Supplied data:
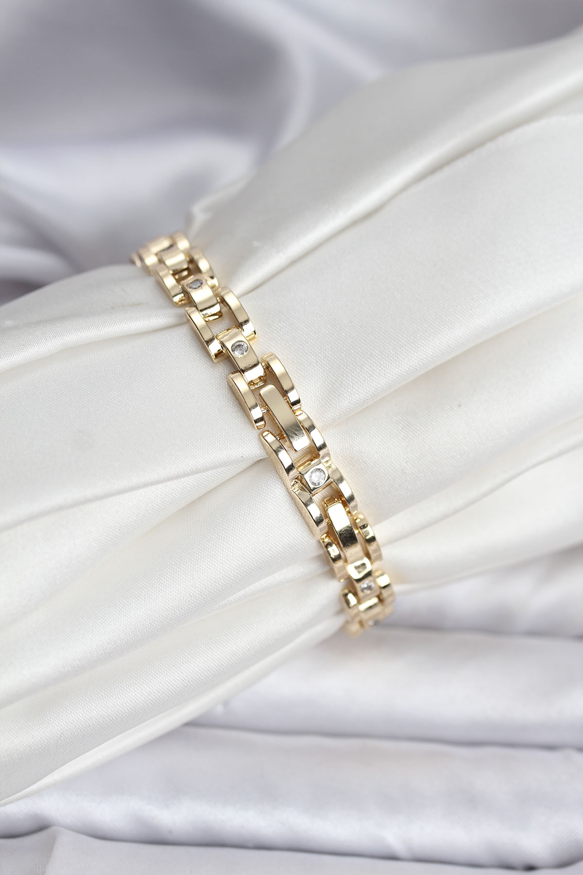 14K Gold Renk Kaplama Zirkon Taşlı CM Kadın Bileklik - 266487
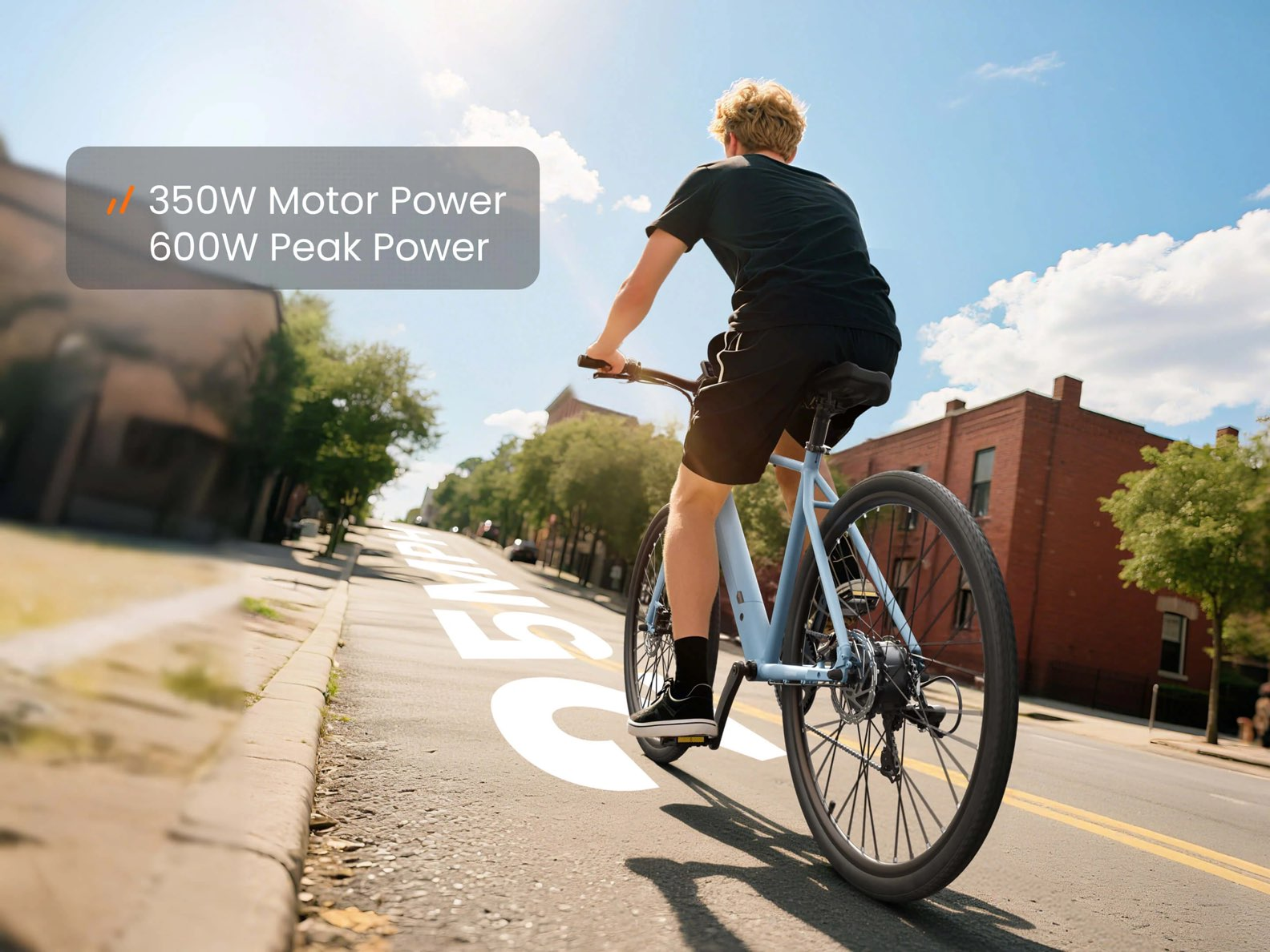 Электровелосипед оснащён двигателем мощностью 350 Вт, который обеспечивает плавный разгон и уверенное движение со скоростью до 40 км/ч. Этого достаточно для комфортного передвижения по городу, обгона медленного транспорта и своевременного прибытия в нужное место. Задний привод гарантирует хорошее сцепление с дорогой и устойчивость при старте с места, а также при движении по мокрому асфальту или гравию. Двигатель работает тихо и не создаёт лишнего шума, что особенно ценно при поездках ранним утром или поздним вечером.
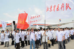 5月13日,由103名醫(yī)護人員組成的江蘇省醫(yī)療隊奔赴四川地震災(zāi)區(qū),并隨機帶去5噸多藥品、器械等醫(yī)療物資以及20萬毫升血液。  新華社記者:孫參 攝
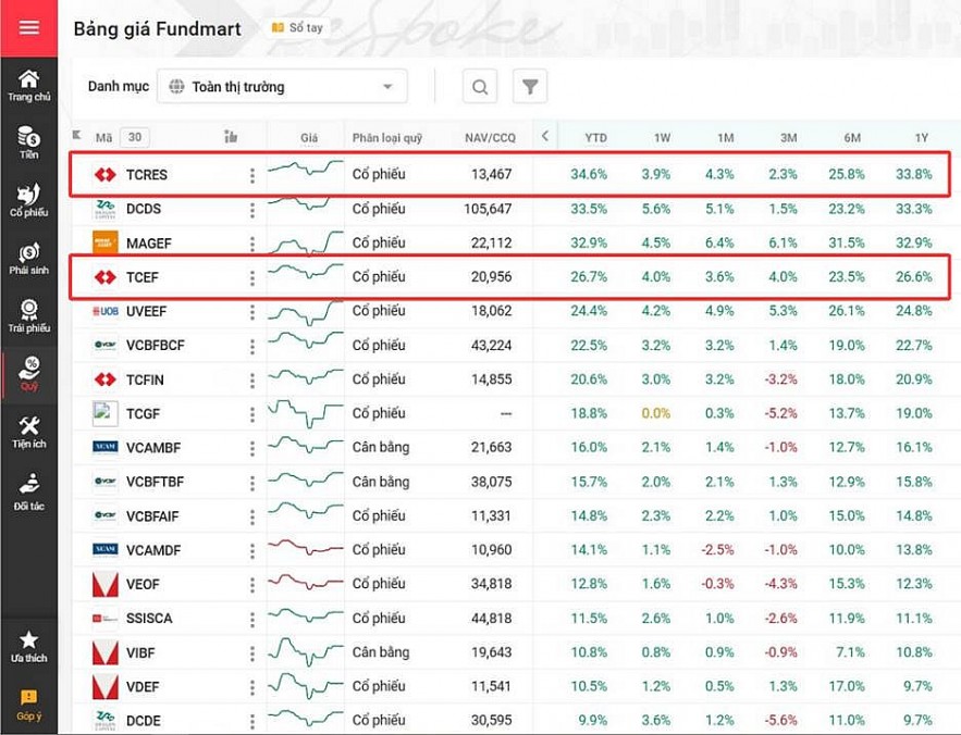 Theo dữ liệu từ nền tảng giao dịch quỹ thông minh Fundmart, quỹ cổ phiếu TCRES và TCEF đang dẫn dắt cuộc đua lợi nhuận từ đầu năm 2025 (YTD) với mức tăng trưởng lần lượt là 34,6% và 26,7%. Sự bứt phá này không phải là ngẫu nhiên, mà là kết quả của việc định vị danh mục chuẩn xác dựa trên các trụ cột tăng trưởng của nền kinh tế trong chu kỳ mới.
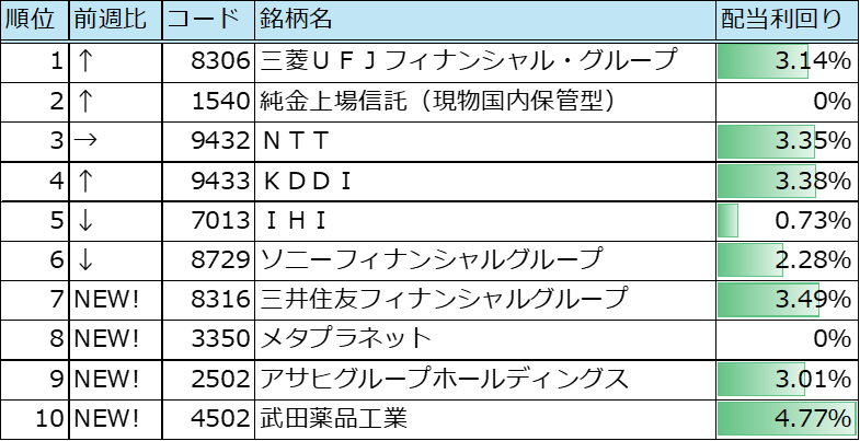 配当利回りが株価を下支えしてくれてるね。
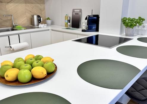 Im Ess- und Wohnbereich befindet sich auch eine offene voll ausgestattete Küche. Hier findet ihr eine große Auswahl an Kochutensilien, Geschirr und eine Nespresso-Maschine. Ein großer, kommunikativer Essbereich für 4 Personen steht Euch zur Verfügung.
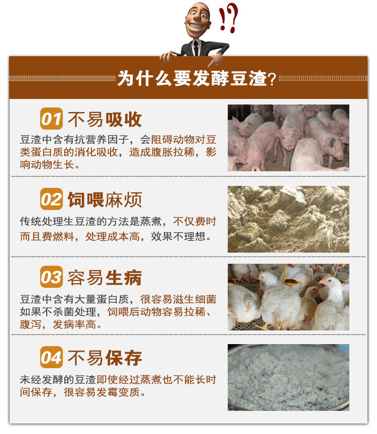 市场上的豆渣发酵剂有好多种,不知道怎么选择发酵剂来发酵豆渣(豆腐渣)。说白了就是看花眼了,各说各的好,简单的方法就是你问下你们有生产许可证没有。假如连生产许可证都没有的厂家,我想你也不敢用的,毕竟咱们养猪 也不容易,要买就要买放心厂家的发酵剂。
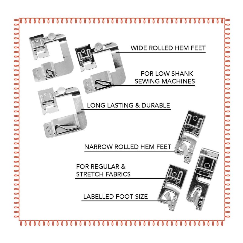 - FOOT FOR ALL – No longer search for the ultimate pants hemmer. Our presser foot set comes in 6 sizes - 3pcs wide rolled hem foot [0.5in, 0.75in, 1in] and 3pcs narrow sewing machine foot hemmer [3mm, 4mm, 6mm].

Directions: Everything from the line that contains "市场上的豆渣发酵剂有好多种,不知道怎么选" through the final line of the material should be returned exactly, except the pictures.

Written response:
 市场上的豆渣发酵剂有好多种,不知道怎么选择发酵剂来发酵豆渣(豆腐渣)。说白了就是看花眼了,各说各的好,简单的方法就是你问下你们有生产许可证没有。假如连生产许可证都没有的厂家,我想你也不敢用的,毕竟咱们养猪 也不容易,要买就要买放心厂家的发酵剂。
 - FOOT FOR ALL – No longer search for the ultimate pants hemmer. Our presser foot set comes in 6 sizes - 3pcs wide rolled hem foot [0.5in, 0.75in, 1in] and 3pcs narrow sewing machine foot hemmer [3mm, 4mm, 6mm].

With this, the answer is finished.